June 20, 2013
Life has a subtle way of reminding us we are really not in charge of what happens to us. I realized this as Max and I traveled to Little Rock to visit our daughter, Emily, for Father’s Day.
When my family left Thayer after my high school graduation, I knew that I had seen the last of southern Missouri and northern Arkansas. Oh, I would be back for visits, as my extended family still lived in the area, but my frequent contact with that part of the country was finished.
Or so I thought.
Now, half a lifetime later, I felt right at home as, for the umpteenth time, we headed through the Ozark Mountains, albeit on the western side as opposed to the south central area where I grew up.
In 2007, I wondered why Emily decided to go to Hendrix College in Conway, Ark., five hours straight down U.S. Highway 65. She thought the mix of liberal arts and art in general would be helpful if she were to follow through on her plan to save the world through art, so to Arkansas she went, passing up scholarships that would have taken her to New York or Portland, Ore., or even my alma mater, William Jewell.
Max and I visited her a few times each year, staying at the same hotel, eating dinner at the same restaurants — surprisingly good for a small town — and Max became acquainted with the rules of a state that is “dry” or “wet” by county: the voters in each county have the right to determine whether liquor can be sold and consumed there.
I, of course, knew all about the county decision issue, as Thayer was right across the Arkansas line, and Fulton County was dry. I remember the State Line Liquor Store, which was, as its name implied, right on the state line. It had a drive-through window on the back side of the building so that no one could see who was buying liquor. Liquor-buyers and consumers were pariahs in Thayer.
During her college years, Emily pulled me back into southern Missouri and northern Arkansas, telling me about floating Spring River, where I floated when I was in high school, about going to Fred’s Fish House, where the fried catfish is in the running for the best in the world, about going to “our little church” in Williford, Ark., where my forebears are buried, and about traveling to Jonesboro, where our high school band marched in the Christmas parade every year. I told her that she was reliving my youth.
Then she headed to Savannah, Ga., and I again assumed that my time in the Ozarks was finished. I would not travel there again, as all my family who had lived there were now gone from this earth and I had no reason to drive four hours to look around the teeny-tiny town where I had grown up.
But this past weekend, there I was again, heading south, feeling as if I were coming back home as I saw the red clay around Springfield, saw chickens in front yards and people sitting on front porches, looked at the little houses built of rock, saw blooming mimosa trees and crepe myrtles, and passed through towns with populations of fewer than 200 souls.
I felt the cool breeze emanating from tree-studded bluffs that butt up against and shade the curvy, hilly roads, saw cattle grazing placidly in pastures, and withstood the challenge of farmers on tractors and “Sunday drivers” trying to slow our pace.

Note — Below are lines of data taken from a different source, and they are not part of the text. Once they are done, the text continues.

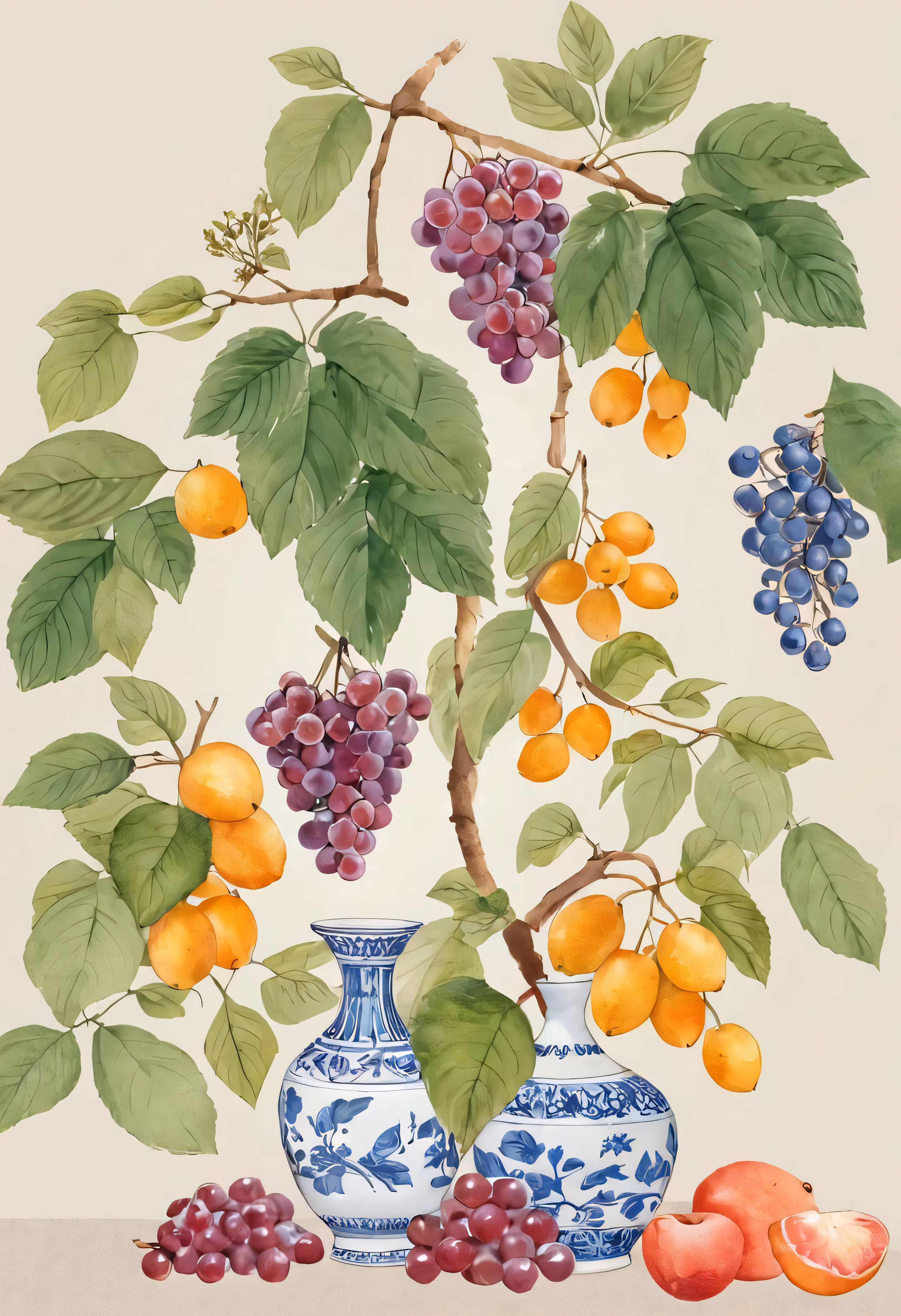 High resolution picture, free to use, a watercolor painting of blue and white ceramic vases and fruit with leaves and oranges on them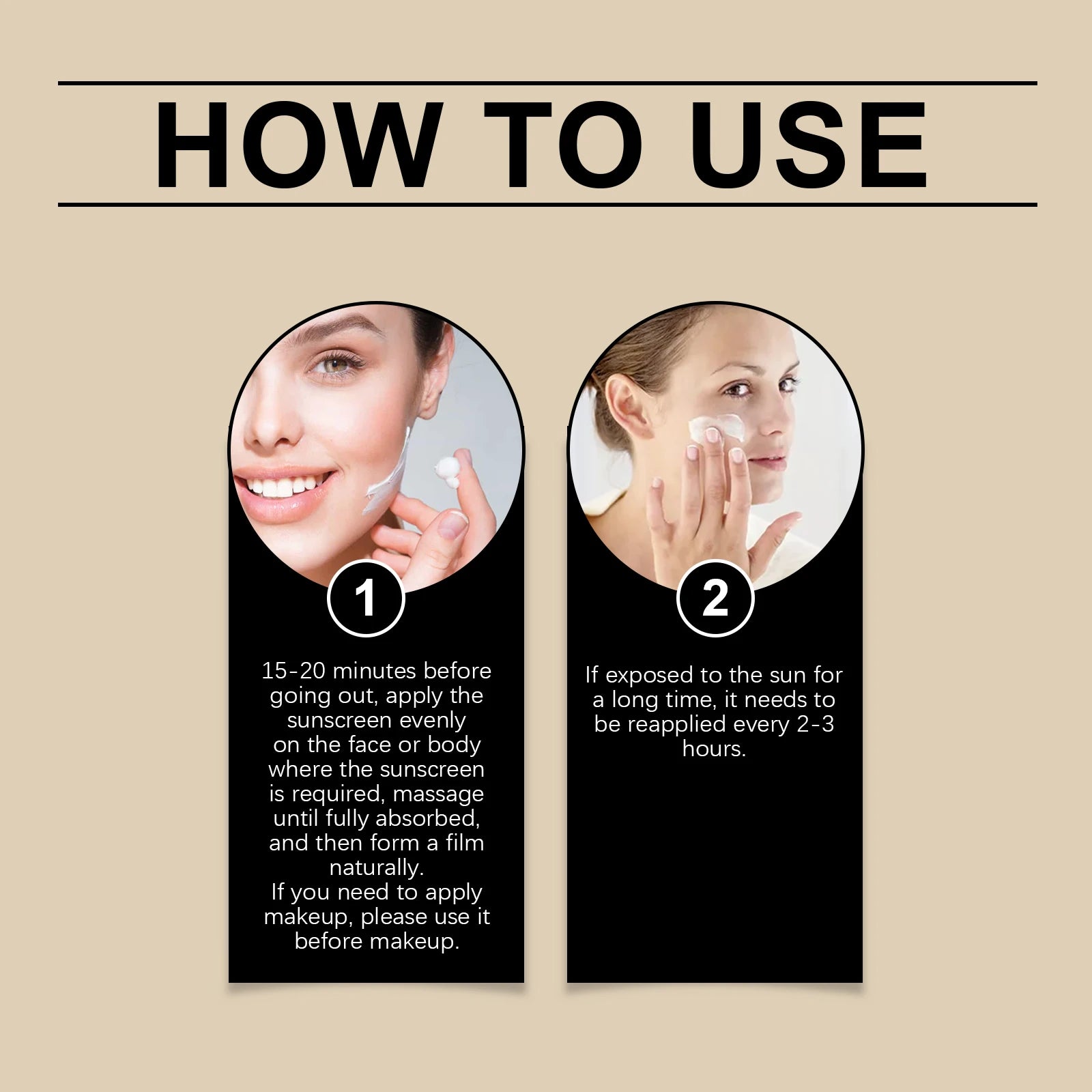 1.15-20 minutes before going out, apply the sunscreen evenly on the face or body where the sunscreen is required, massage until fully absorbed, and then form a film naturally lf you need to apply makeup, please use it before makeup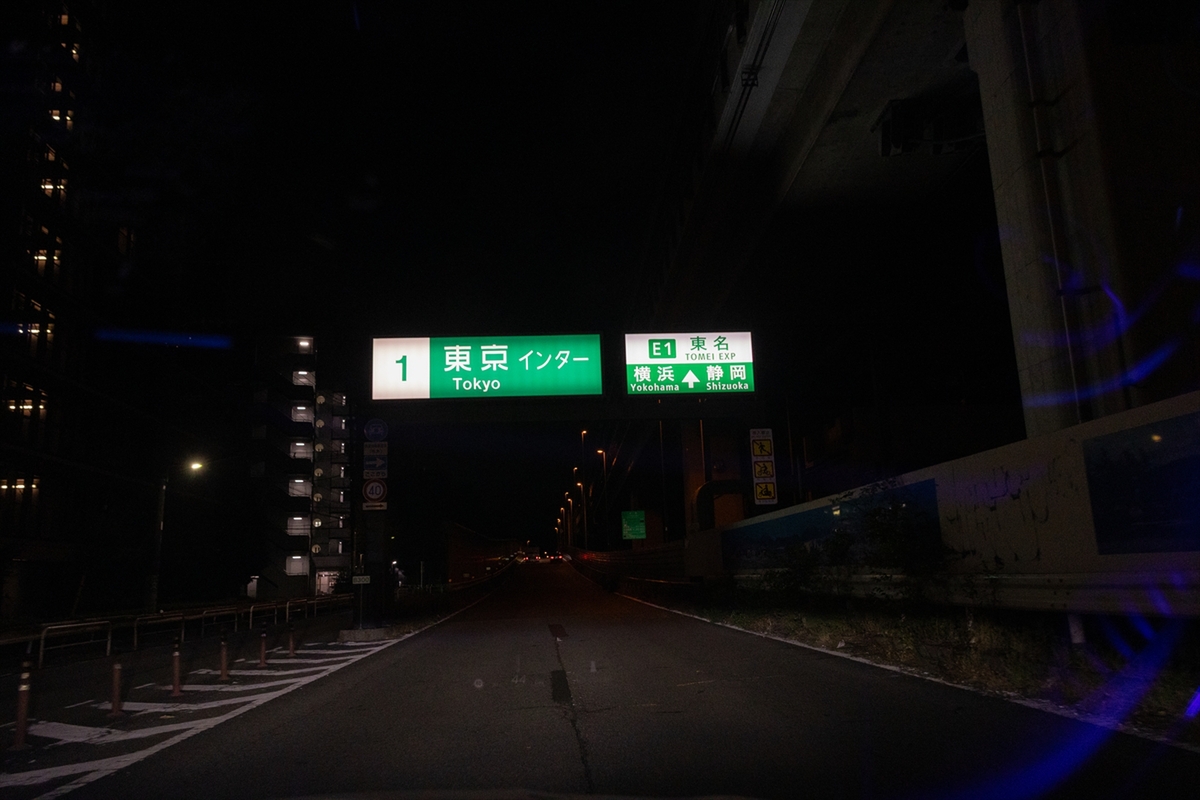 東名高速で東京へ。首都高を通り常磐道と走ること約6時間。深夜0時に友部サービスエリアに到着。それまでの距離は約750km。ラクなE220d アバンギャルドでも、さすがに疲れました。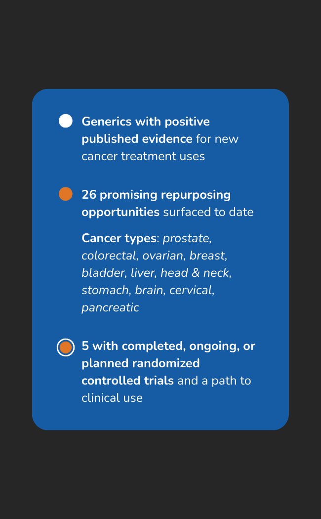 Reboot Rx identifies and helps move forward new uses for FDA-approved generic drugs with evidence for cancer treatment, which are rarely advanced through traditional commercial pathways once patents expire.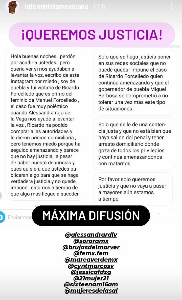“Fui víctima de Ricardo Forcelledo que es primo del feminicida Manuel Forcelledo, Ricardo ha podido comprar a las autoridades y le dieron prisión domiciliaria, pero tenemos miedo porque ha seguido amenazando y parece que no hay justicia a pesar de haber puesto denuncias”, se lee en un mensaje.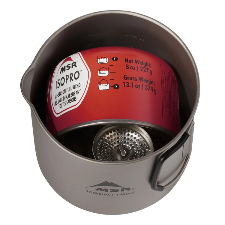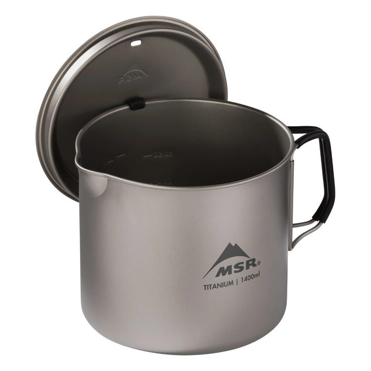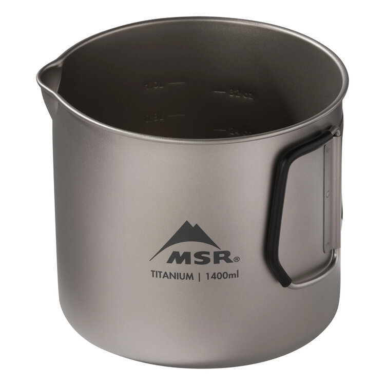The Titan Kettle 1400mL is the perfect cook pot for gram-counting backcountry duos thanks to its ultralight packability and performance titanium. Interior graduation lines allow for fast and easy volume measuring for dehydrated meals and drinks. An improved spout makes precision pouring easier for dehydrated meal bags. Silicone-coated folding handles are comfortable to hold, and the snug-fit lid features a silicone hanger to keep it safely out of the dirt. Plus, the entire Titan cookware collection nests together, often with a stove and/or fuel canister so you can easily build your ideal cook setup.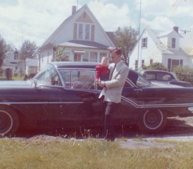This picture was taken right before we left for your baptism. The Olds had red and black leather interior, power everything, was made for cruising and only cost $400 in 1963!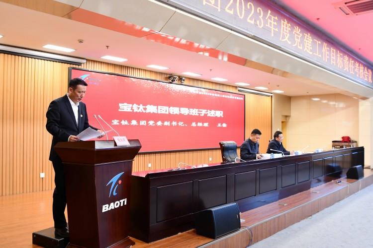 寶鈦集團(tuán)黨委副書(shū)記、總經(jīng)理王儉代表集團(tuán)領(lǐng)導(dǎo)班子述職。他從企業(yè)經(jīng)營(yíng)業(yè)績(jī)完成情況、黨建工作目標(biāo)責(zé)任完成情況、存在問(wèn)題及原因分析等三個(gè)方面詳細(xì)匯報(bào)了寶鈦集團(tuán)2023年工作,并提出了2024年工作舉措。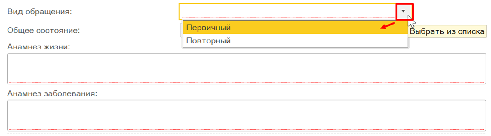 В медицинском документе поле «Тип приема» является обязательным для заполнения. Для заполнения поля следует нажать на кнопку «Выбрать из списка» и в выпадающем списке выбрать тип приема «Первичный» или «Повторный» (рис. 4).

We passed through the Buffalo River area, akin to the Spring River area in Mammoth Spring, where a little motel overlooks the rushing river, a canoe rental business takes adventurers to “put in” and “take out,” and views of the countryside are simply stunning.
I gazed over the gentle hills of the Ozark Mountains stretched out before us, seeing layers and layers of beautiful, green forests, and I realized that life had tricked me. I thought I was leaving those many years ago, but I now understand that place to have been, and probably to always be, my heart’s home.